Personal information
- Nationality: Kenyan
- Born: 22 February 1964 (age 62) Kemeloi, Nandi, Kenya
- Height: 183 cm (6 ft 0 in)
- Weight: 70 kg (154 lb)

Sport
- Sport: Athletics
- Event: middle-distance

Medal record
Men's athletics
Representing Kenya
Olympic Games
| Gold medal – first place | 1992 Barcelona | 800 m |
All-Africa Games
| Gold medal – first place | 1991 Cairo | 800 m |
African Championships
| Gold medal – first place | 1990 Cairo | 800 m |

= William Tanui =

Kenyan athlete (born 1964)

William Kiptarus Tanui (born 22 February 1964) is a Kenyan former athlete, winner of 800 m at the 1992 Summer Olympics.

==Biography==
Born in Terik Location of South Nandi District, William Tanui first came to notice relatively late in life, when he won the 1500 m at the Kenyan Commonwealth Games trials in 1989, but ran only sixth at the 1990 Commonwealth Games in Auckland, New Zealand. In the same year he won the 800 m at the African Championships in Cairo. In the World Indoor Championships at Seville in 1991, Tanui crossed the line first, but was disqualified for breaking from his lane too early. He won 800 metres in the 1991 All-Africa Games.

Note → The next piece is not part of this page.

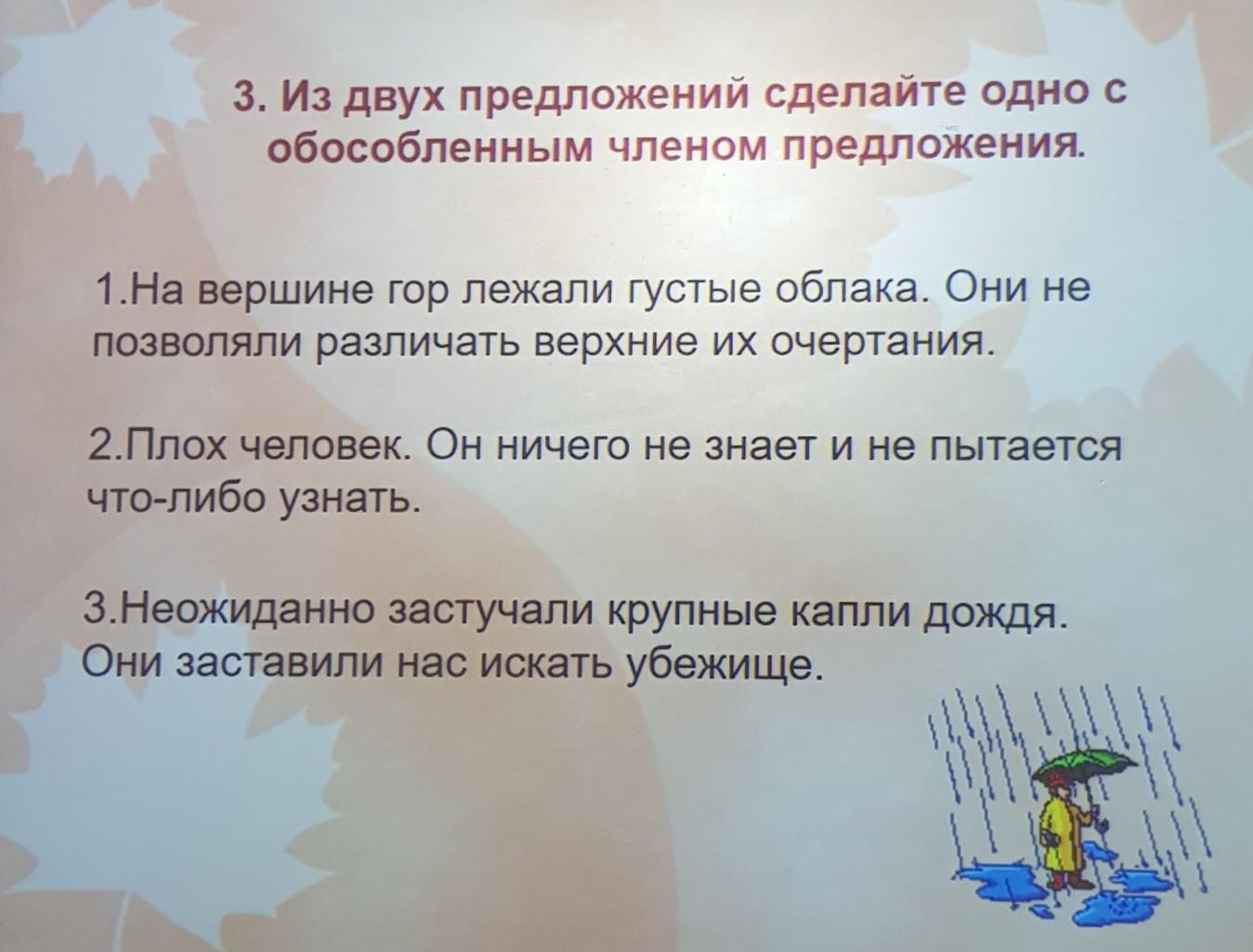 3) неожиданно застучали крупные капли дождя ,заставлявшие нас искать убежище.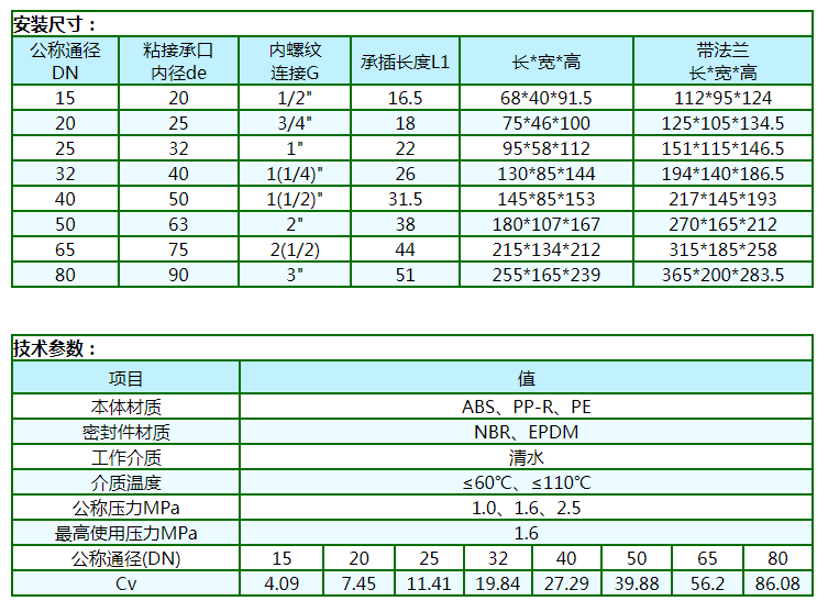本產品民用系列選用國際通用型食品級工程塑料(ABS、PP-R、PE等)注造。工業用系列選用進口阻燃型高強度工程塑料(PC等)注造。產品具有重量輕、耐腐蝕、不生銹、不結垢、導冷不結霜、導熱系數低,絕緣性能好,環保衛生等優點。啟閉原理上:采用浮動閥芯,利用流體壓力差,誘導式啟閉的專利技術成果。因啟閉時無磨損(屬接觸型啟閉),而解決了傳統閥門因強制性啟閉而造成的啟閉部件和密封件磨損所引起的“跑、冒、滴、漏”的歷史性難題。它具有安裝使用方便,節能節水效果顯著(可節約傳統閥門的外泄內漏所浪費掉的水),使用壽命長及物美價廉等特點。

Tanui's greatest moment came at the 1992 Olympic Games in Barcelona. In the 800 m final he stormed down the outside, actually finishing in lane 3, to narrowly beat a fellow countryman Nixon Kiprotich for the gold medal. Tanui was unable to repeat this form in his only appearance at a World Championships, at Stuttgart in 1993, finishing seventh.

He finished 2nd at the IAAF World Cup 800 metres race in 1992 and 1994.

Tanui concentrated more on the 1500 m in the latter part of his career, and he finished fifth at that distance in the 1996 Olympic Games in Atlanta. At the World Indoor Championships, Tanui finished third in the 1500 m at Paris in 1997, and fourth at Maebashi in 1999.

Tanui the British AAA Championships title in the 800 metres event at the 1990 AAA Championships.